Abstract

BackgroundAssessing traumatic childhood events has important implications for treatment, due to increased high-risk behaviors, treatment nonadherence, and all-cause mortality. As such, it is important to ensure that screening tools used to measure traumatic childhood events are invariant across groups. The focus of this study was to examine measurement invariance across gender, poverty level, and HIV status in a commonly used childhood trauma screening tool, the Childhood Trauma Questionnaire – Short Form (CTQ-SF). MethodParticipants were N = 473 HIV-infected and uninfected men and women who completed a demographic questionnaire, the CTQ-SF, and underwent HIV testing. ResultsParticipant age was an average of 36 years (SD = 9.40); 51% of participants were male, and 49% were female. Forty-three percent of participants were below the poverty level, and 36% were HIV-infected. Configural invariance was supported by gender, poverty level, and HIV status; scalar and strict invariance were not supported by gender, poverty level, and HIV status.

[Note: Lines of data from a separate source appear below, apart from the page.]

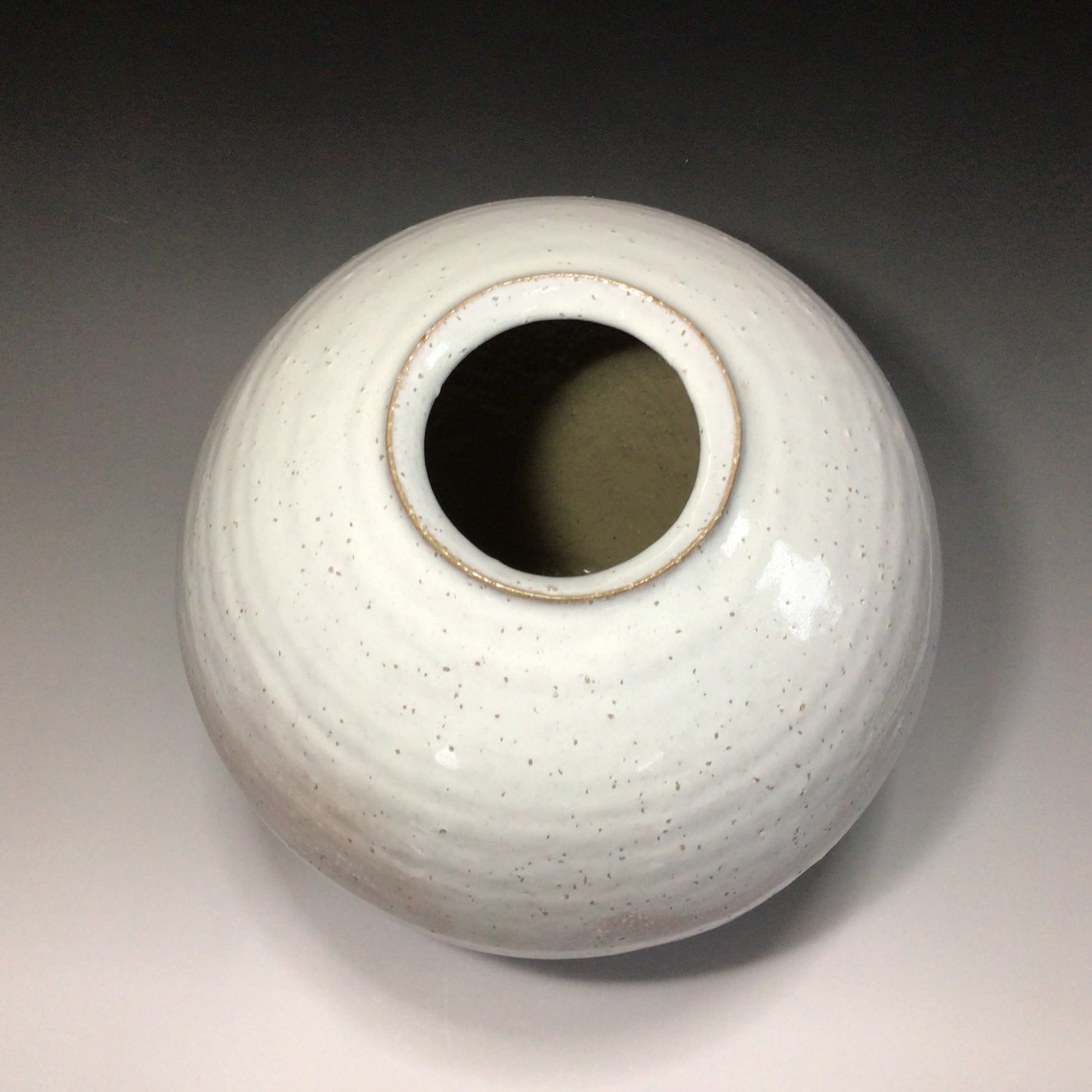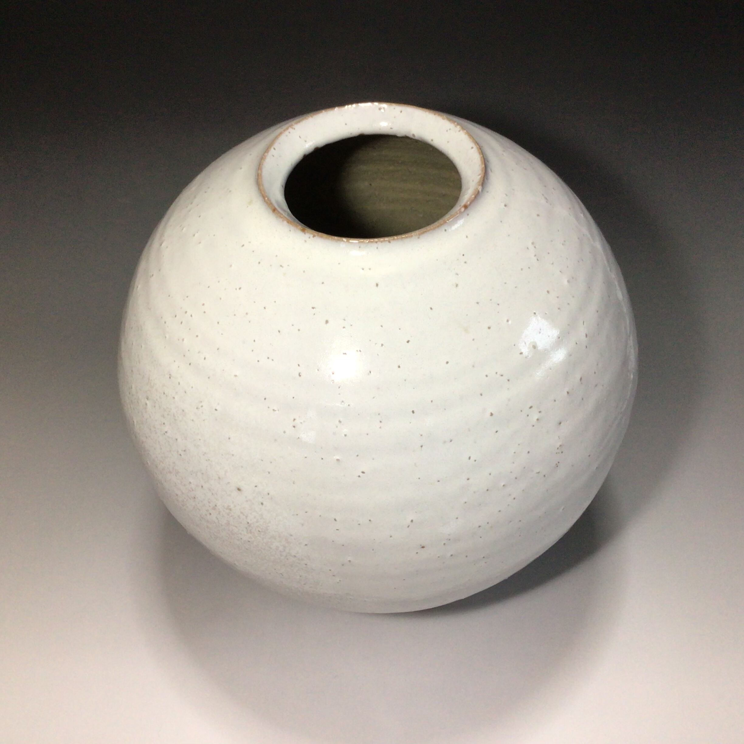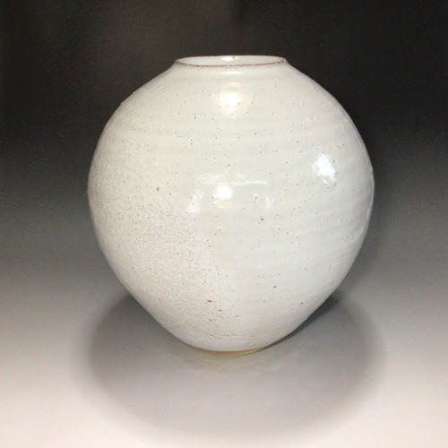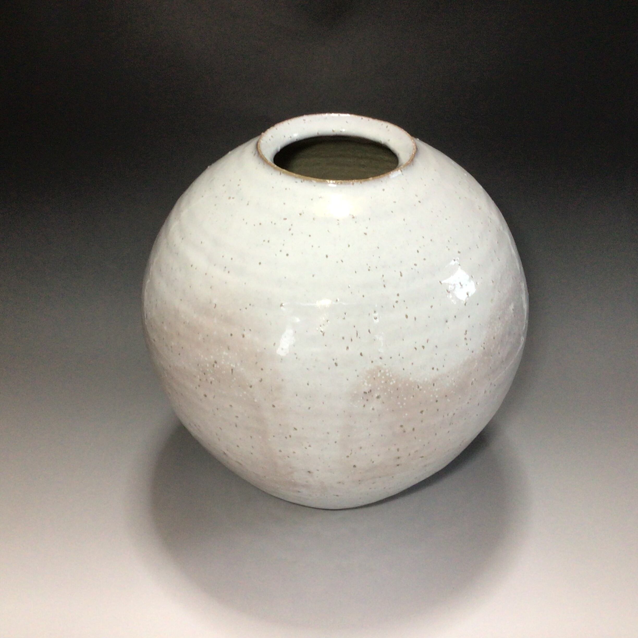 登り窯による白萩と紫色の窯変のグラデーション、立ち姿が美しい1点物の会いたい萩焼「一期一会」の作品です。土に小砂を大量に練り込み、窯の炎を浴び小砂が溶ける事により結晶の様な装飾と土味を強調して表現しております。白萩と窯変、小砂結晶による表現を見て戴きたい作品です。
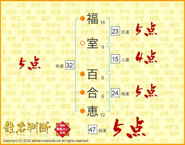福(14画)室(9画) 百(6画)合(6画)恵(12画)
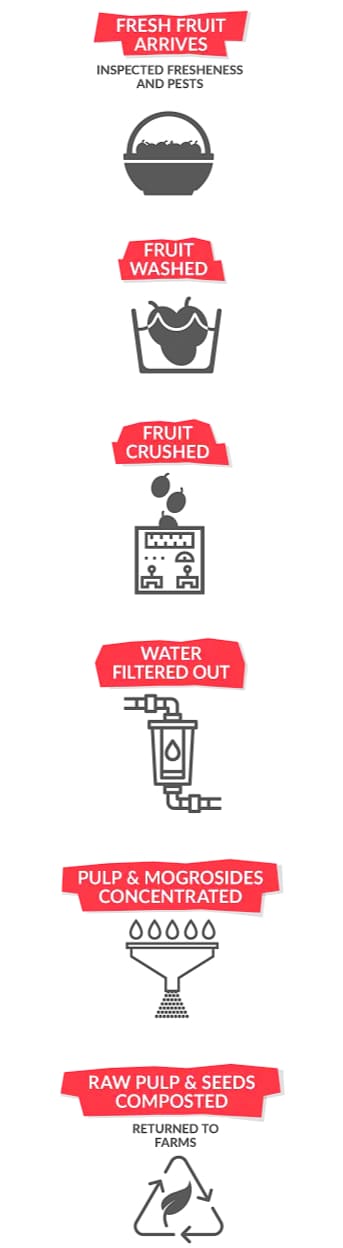 The entire fresh fruit is washed, crushed and slowly steeped in hot water. The sweet juice is filtered to remove fructose, sucrose and flavor-altering proteins, leaving mogroside in varying concentrations. The solution is condensed and dehydrated, leaving high purity monk fruit extract.
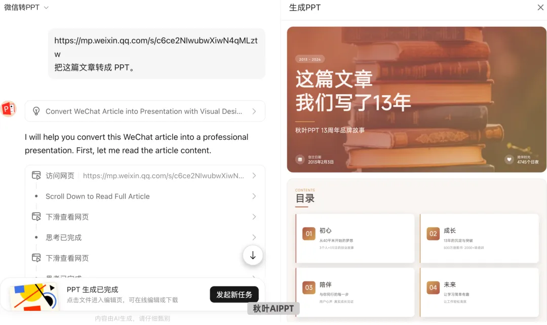 链接转 PPT:老板随手丢来一篇行业深度文章的公众号链接,让你明天早会做分享?
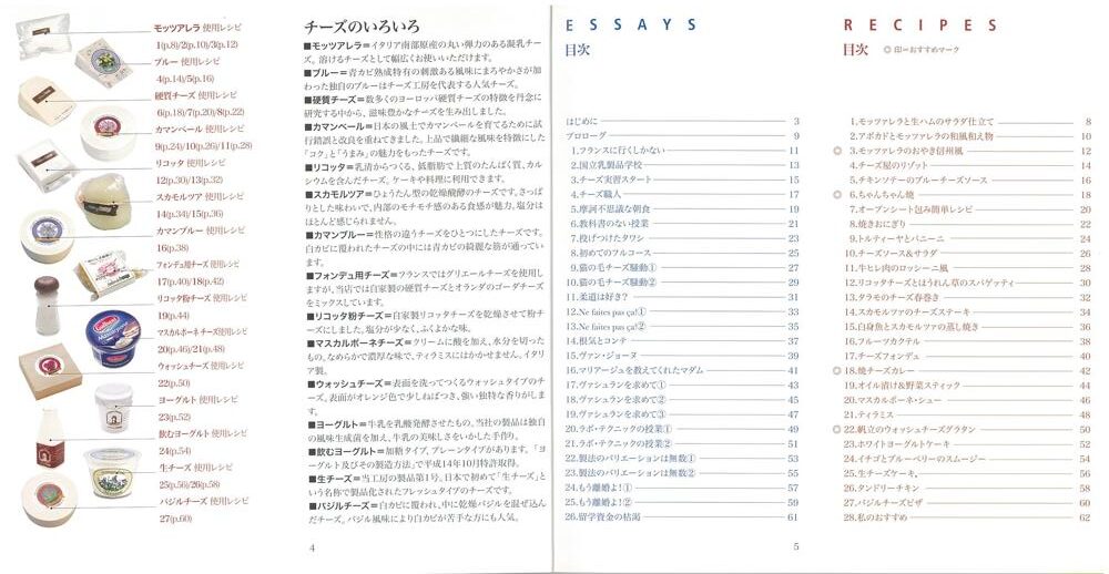 1.モッツァレラと生ハムのサラダ仕立て/2.アボカドとモッツァレラの和風和え物/3.モッツァレラのおやき信州風/4.チーズ屋のリゾットー/5.チキンソテーのブルーチーズソース/6.ちゃんちゃん焼/7.オーブンシート包み簡単レシピ/8.焼きおにぎり/9.トルティーヤとパニーニ/10.チーズソース&サラダ/11.牛ヒレ肉のロッシーニ風/12.リコッタチーズとほうれん草のスパゲッティー/13 タラモのチーズ春巻き/14.スカモルツァのチーズステーキ/15.白身魚とスカモルツァの蒸し焼き/16.フルーツカクテルー/17.チーズフォンデュ/18.焼チーズカレー/19.オイル漬け&野菜スティック/20.マスカルポーネ・シュー/21.ティラミス/22.帆立のウォッシュチーズグラタン/23.ホワイトヨーグルトケーキー/24.イチゴとブルーベリーのスムー/25.生チーズケーキー/26.タンドリーチキン/27.バジルチーズピザ/28.私のおすすめ
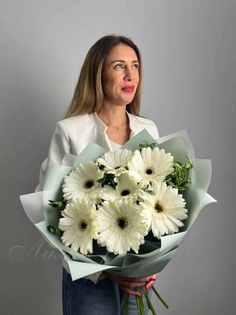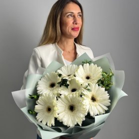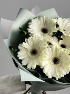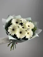 Этот нежный и изысканный букет состоит из 7 гербер и эвкалипта, упакованных в красивую корейскую бумагу. Он отлично подойдет в качестве подарка для любого торжественного случая или просто чтобы порадовать близкого человека своим вниманием и заботой. Каждый цветок в этом букете олицетворяет нежность, красоту и чувственность, что делает его идеальным выбором для тех, кто ценит простоту и изысканность.
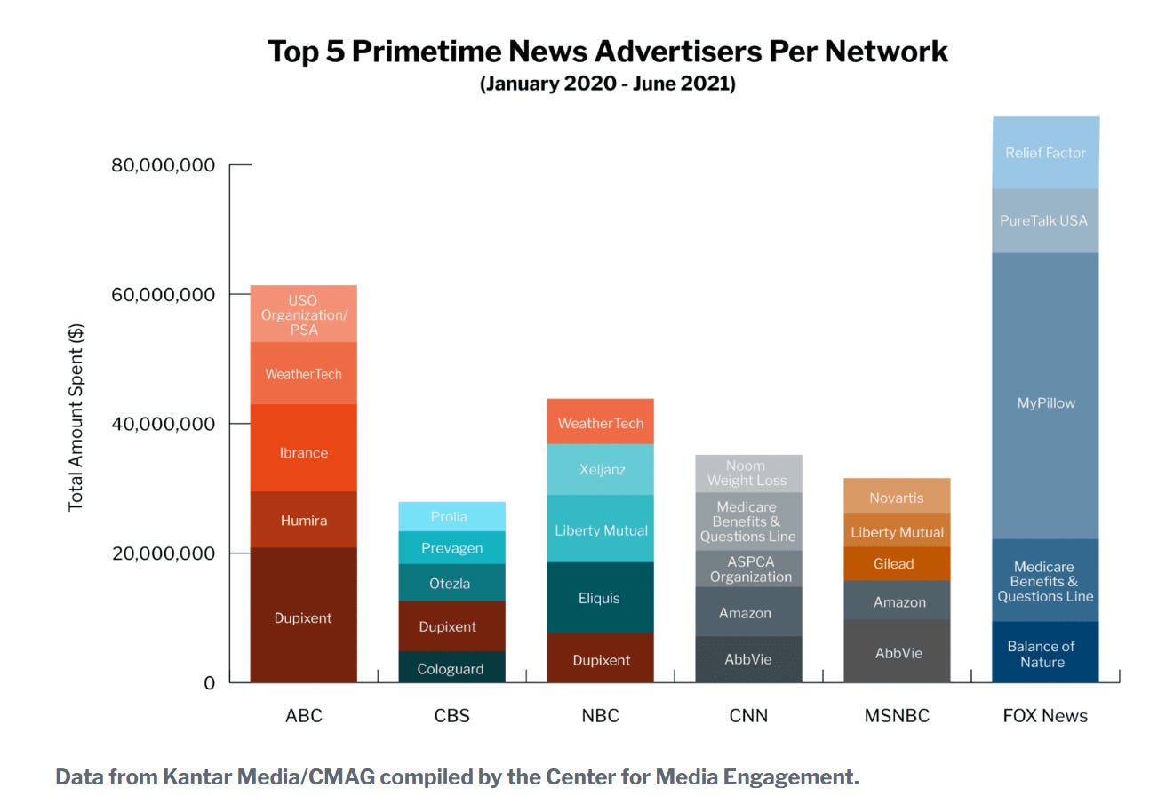 Farmaceutická reklama tak významne prispieva k príjmom televízneho priemyslu. Okrem toho je farmaceutická reklama obzvlášť viditeľná počas spravodajských programov a v skorých večerných hodinách, pričom sa zameriava na starších divákov, čo je demografická skupina známa vyššou spotrebou liekov.
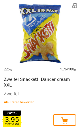 Im Coop gibt es diese Woche die XXL-Packungen von Snacketti in den Sorten Bacon, Paprika Shells und Dancer Cream für je CHF 3.95. Zu den Dancer Cream musste ich einfach ein 90-er Jahre Musikvideo mitgeben. Viel Spass 🙂 .
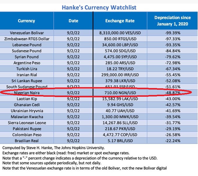 Naira moves to the 11th of all the worst performing currencies in the world (19 of them). Now, we are in the companies of Zimbabwe, Syria, Sudan, Iran, and Venezuela. Even Ukraine is doing better despite the missiles flying around its cities. People, no matter how you pray, talk or sing, can we for once look for competent people to run Nigeria, from local to federal levels, and leave our tribes and religions for once out of the equation?
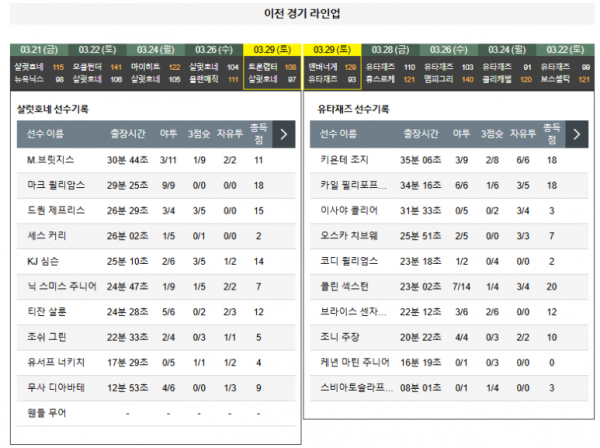 부연 설명: 유타 재즈는 현재 홈과 원정 할 것 없이 모두 부진한 경기력을 보여주고 있습니다. 수비가 허술해 경기 초반부터 실점을 허용하면서 리드를 뺏겨 경기를 불리하게 이끌어가고 있습니다.
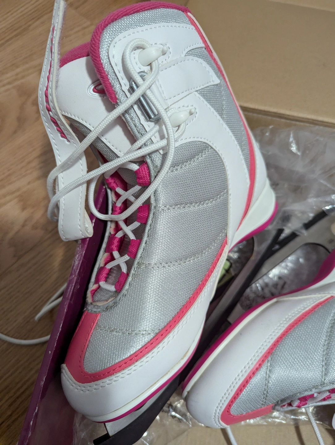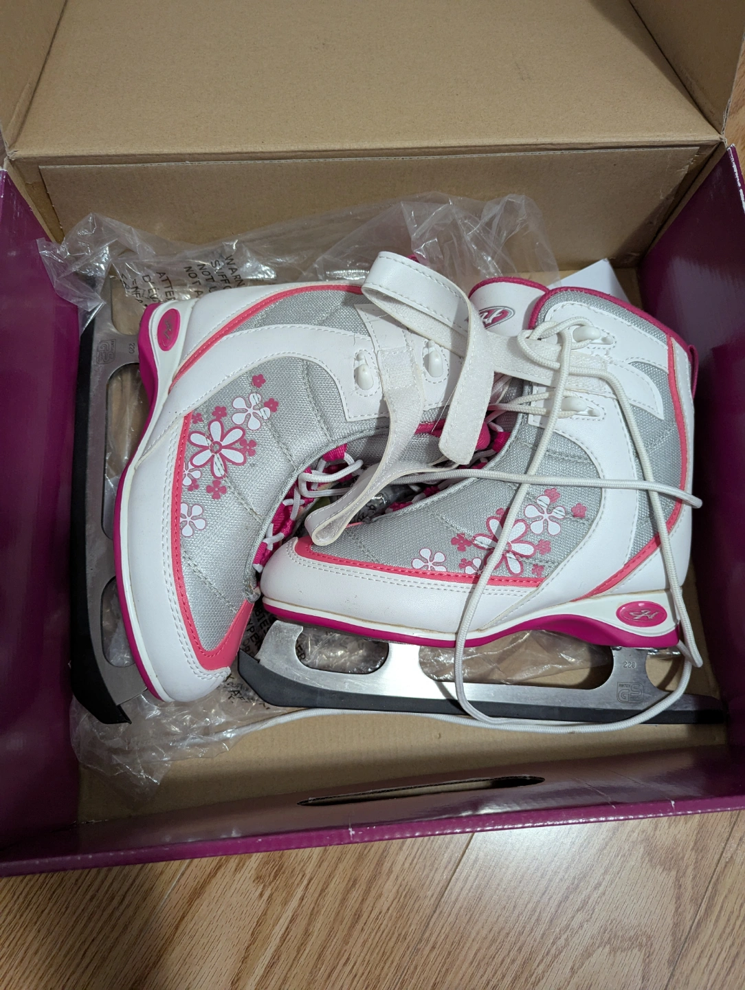 Girls' figure skates. White and silver with pink accents. Lace-up closure. Floral design. In original box. only used for 2 seasons.
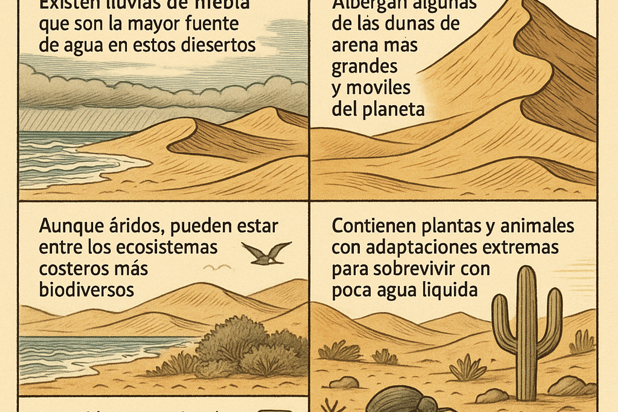 Los desiertos costeros, a pesar de estar a orillas de océanos, esconden fenómenos meteorológicos y geográficos sorprendentes. Descubre datos curiosos sobre estos ecosistemas únicos donde la niebla, las dunas móviles y la biodiversidad adaptada revelan lo extraordinario de la vida junto al mar.
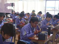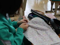 1年1組「家庭」裁縫で、なみ縫いを使ってふきんを作っていました。
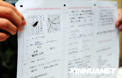 考生宋朔被抢的理科综合试卷的破损处(6月17日摄)。吉林省高考成绩21日公布,松原市高考期间试卷被抢考生宋朔的试卷顺利通过机器评阅,获得了总成绩566分的高分,其中被抢的理科综合试卷成绩为228分。今年高考期间,吉林省松原市吉林油田高中考生宋朔在理科综合考试临近结束2到3分钟时,试卷被同考场考生杨某扯拽,虽被监考教师制止,但宋朔的答题卡受损,答题卡右上角距边缘2至3厘米出现食指大小的洞。 新华社记者王昊飞摄
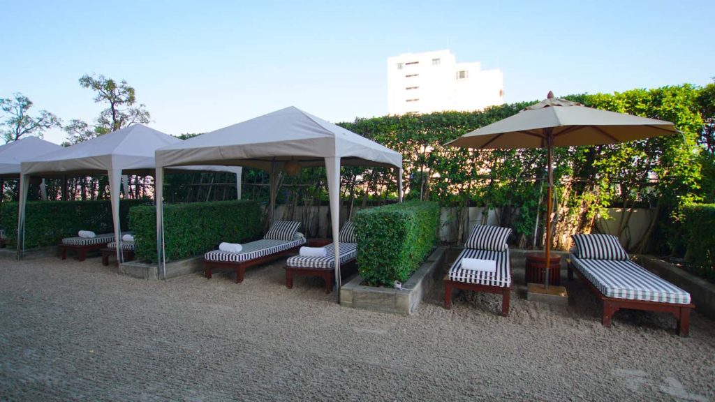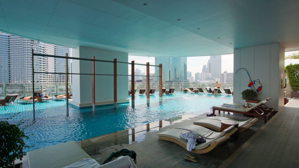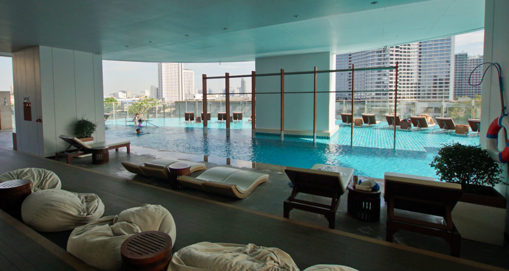 Ich habe insgesamt vier Tage in Bangkok verbracht und war daher über den Pool und die gemütlichen Erholungsmöglichkeiten im Hotel sehr dankbar. In der vierten Etage befindet sich der Pool mit einem Ruhebereich und drei Whirlpoolecken, sowie Tagesbetten. Die Liegen stehen im Wasser, so dass der Weg dorthin durch den Pool führt. Seitlich am Pool findet ihr drei kleinere private Whirlpools mit zwei Sonnenmatratzen und auf der anderen Seite weitere Tagesbetten zum Entspannen. Vom Pool geniesst man den Ausblick auf den Fluss und das Treiben.
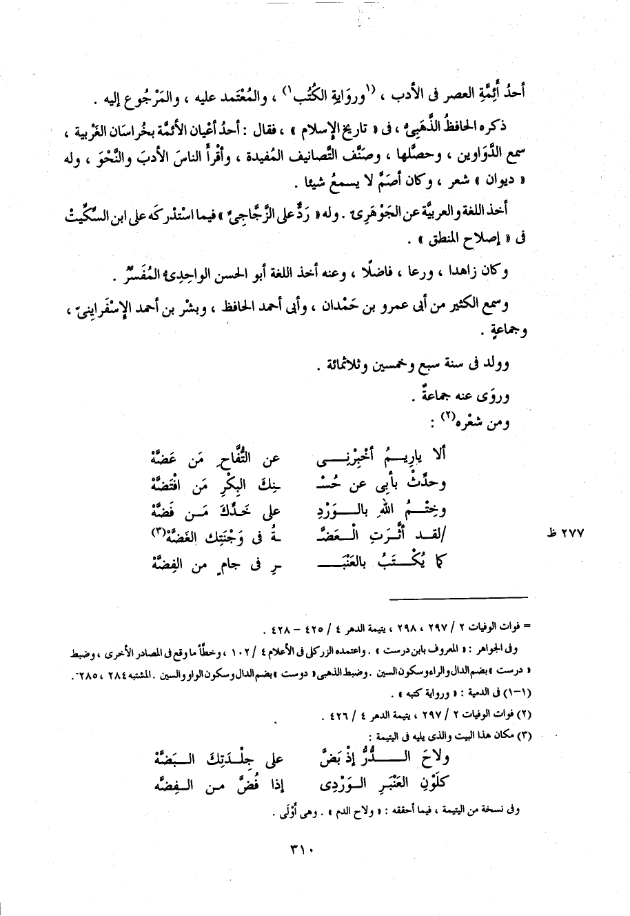310 أحد أئمّة العصر فى الأدب، 1 و رواية الكتب 1، و المعتمد عليه، و المرجوع إليه.
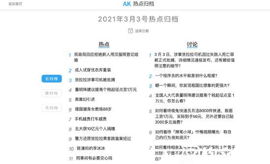 這個聚合的平臺數量相對很少,基本是國內的一些主流媒體平臺,不過它有個不錯的特點,就是可以查看日/周/月的熱點歸檔,可以方便我們查看往期的熱點內容。

Neither full nor partial metric invariance could be established by gender and income; however, the scale was invariant at the metric level by HIV status. DiscussionGiven the measurement bias identified in gender, poverty level, and HIV, practitioners and researchers must use caution when drawing conclusions regarding childhood trauma when using the CTQ-SF. Findings also suggest that statistical inferences and implications for practice based on comparisons of observed means will be distorted and may be misleading, and as such, established cutoffs may not apply similarly for these groups, suggesting an avenue for further research.